Auf Nazi-Eklat folgt Wutrede des Weltmeisters
Bundestrainer Joachim Löw reagiert scharf auf die Vorfälle beim Länderspiel in Prag. Zu Hause gegen Norwegen winkt das WM-Ticket.
STUTTGART (sid) Joachim Löw kam grimmig und sehr entschlossen in den holzgetäfelten Saal im achten Stock des Mercedes-Benz-Museums. „Ich bin voller Wut!“, sagte der deutsche Bundestrainer sofort mit scharfer Stimme. Der Nazi-Eklat von Prag hatte ihm ganz gehörig die Laune verhagelt – Löw hielt eine Brandrede. „Ich bin sehr, sehr angefressen, dass einige sogenannte Fans die Bühne des Fußballs benutzen, um mit ihrem oberpeinlichen Auftreten viel Schande über unser Land zu bringen“, sagte er. Alle Fragen zum WM-Qualifikationsspiel heute Abend (20.45 Uhr/RTL) gegen Norwegen und zum möglichen WM-Ticket schob Löw in Stuttgart ganz nach hinten.
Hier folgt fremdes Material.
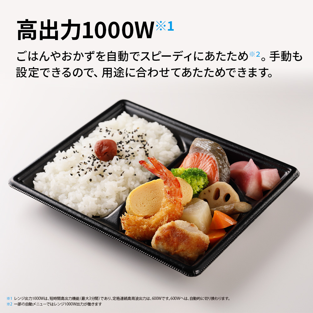 ※2 一部の自動メニューではレンジ1000W出力が働きます
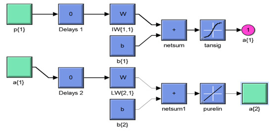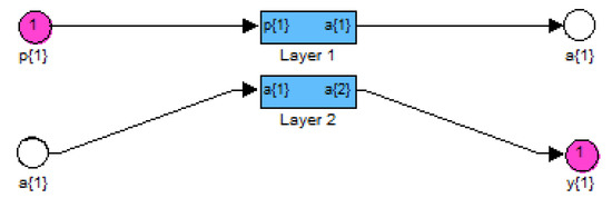 The PFFNN is prepared with an overseen/monitored preparing procedure of artificial neural networks [25]. In this article, PFFNN is created as a unique sort of trained and ingenious controller. The input and target data for preparing the PNN are acquired from the input and output of the ordinary controller [25]. The layers, weights and biases of the simulated PFFNN network are shown in Figure 2 and Figure 3 respectively.
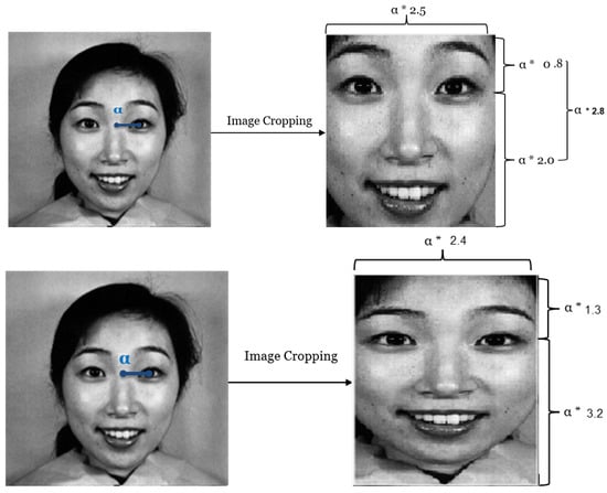 Many background details in the original image are unimportant to the emotion classification process. These details might make categorization less accurate because the classifier now has to distinguish between background and foreground, which is a new challenge. After cropping, any parts of the image that do not contain expression-related information are eliminated. Moreover, the cropping region is designed to exclude facial features that do not contribute to the expression, such as ears, portions of the forehead, and so on. Therefore, The distance ratio between the eyes is used to define the region of interest. As a result, this technique can manage various people and image sizes without human involvement.
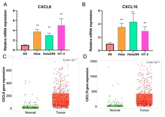 We employed RT-PCR to ascertain the mRNA expression levels of CXCL8 and CXCL10 in human cell lines derived from cervical cancer. In comparison to H8 (representing normal cervical cells), we observed a significant increase in CXCL8 and CXCL10 levels within the HeLa, hela299, and ht-3 cell lines (all being cervical cancer cells) (p < 0.01) (as shown in Figure 8A,B). Furthermore, this phenomenon was validated by analyzing the expression of CXCL8 and CXCL10 in both normal and cervical cancer tissues (as depicted in Figure 8C,D).

Etwa 200 deutsche „Chaoten“, wie Löw sie nannte, hatten am Freitagabend während des Quali-Spiels gegen Tschechien (2:1) gepöbelt, sie störten beide Nationalhymnen und eine Schweigeminute mit Schmähungen. Es gab vereinzelte „Sieg Heil“-Rufe. „Ein unsägliches Verhalten“, schimpfte Löw: „Wir sind nicht deren Nationalmannschaft, das ist unterste Schublade und zutiefst verachtenswert!“
Löw hielt dem die Werte der Weltmeister entgegen: „Ein respektvolles, tolerantes, weltoffenes Deutschland. Das sind Leute, die unser Land beschädigen.“Er sei auf der Seite jener, „die absolut harte Sanktionen fordern und dafür einstehen“.
Der Vize-Präsident des Deutschen Fußball-Bundes (DFB), Rainer Koch, nannte den Nazi-Block, der nicht über den Verband, sondern den Gastgeber Tickets bezogen hatte, den „Bodensatz der Gesellschaft“. In Prager Bars sei faschistische Musik gespielt worden – unter der Androhung, andernfalls „die Kneipen kurz und klein zu schlagen“, berichtete er in einem Fernseh-Talk.
Die Mannschaft hatte sich bereits am Freitag eindeutig positioniert. Sprachrohr war Mats Hummels, der die Vorfälle „eine Katastrophe“nannte. „Dass die Mannschaft nicht in die Kurve gegangen ist, war das absolut richtige Zeichen“, lobte Löw.
Trotz allem: Mit einem Sieg gegen die abgeschlagenen Norweger können die Deutschen, die nach sieben Spielen eine makellose Bilanz haben, vorzeitig das Ticket zur Weltmeisterschaft 2018 in Russland lösen. Voraussetzung dafür ist ein Patzer des Verfolgers Nordirland gegen Tschechien.
„Mich interessiert Norwegen bei allem Respekt nur bedingt“, sagte Löw. Ihm sei „relativ wurscht, wer auf welcher Position ist, aber die Positionen müssen besetzt sein!“Dies war beim mühsamen 2:1 in Prag durch ein spätes Hummels-Tor (88. Minute) ein Problem gewesen.
Der Bundestrainer hatte wie zuvor schon Manager Oliver Bierhoff noch eine andere Sorge: Timo Werner. Der Leipziger, der seit einer Schwalbe im November in allen Stadien beleidigt wird, kehrt nach Stuttgart zurück. Dort ist er seit seinem Abschied vom VfB nach dem Abstieg 2016 gelinde gesagt nicht wohlgelitten. Die Schmähungen gegen Werner, die sich auch in Tschechien wiederholten, nannte Löw ebenfalls „oberpeinlich“. „Das ist weder fair noch lustig“, betonte er und appellierte wie DFB-Präsident Reinhard Grindel an alle Fans, jeden Spieler zu unterstützen. „Timo ist nach dem Abstieg gegangen“, sagte Löw: „Das mag VfB-Fans nicht gefallen, ist aber völlig legitim.“Grindel fasste zusammen: „Wir werden niemals faschistische, rassistische, beleidigende oder homophobe Schlachtrufe dulden.“Die „Scheiß DFB“-Rufe, die es erstmals auch bei einem Länderspiel gab, waren da noch das geringste Problem.
Löw hat sich auch um das Sportliche zu kümmern. Mit dem WM-Ticket vor Augen wird er „auf jeden Fall zwei, drei Veränderungen“vornehmen. Julian Draxler werde spielen, auch Sami Khedira, falls dieser nach seiner Kniereizung rechtzeitig fit wird. „Ich hoffe, dass ich die Möglichkeit bekomme, mich an alter Wirkungsstätte zu beweisen“, sagte der ehemalige Stuttgarter, der 1200 Eintrittskarten für benachteiligte Kinder gekauft hat. Im Tor steht wieder Marc-André ter Stegen, der in Tschechien tadellos hielt.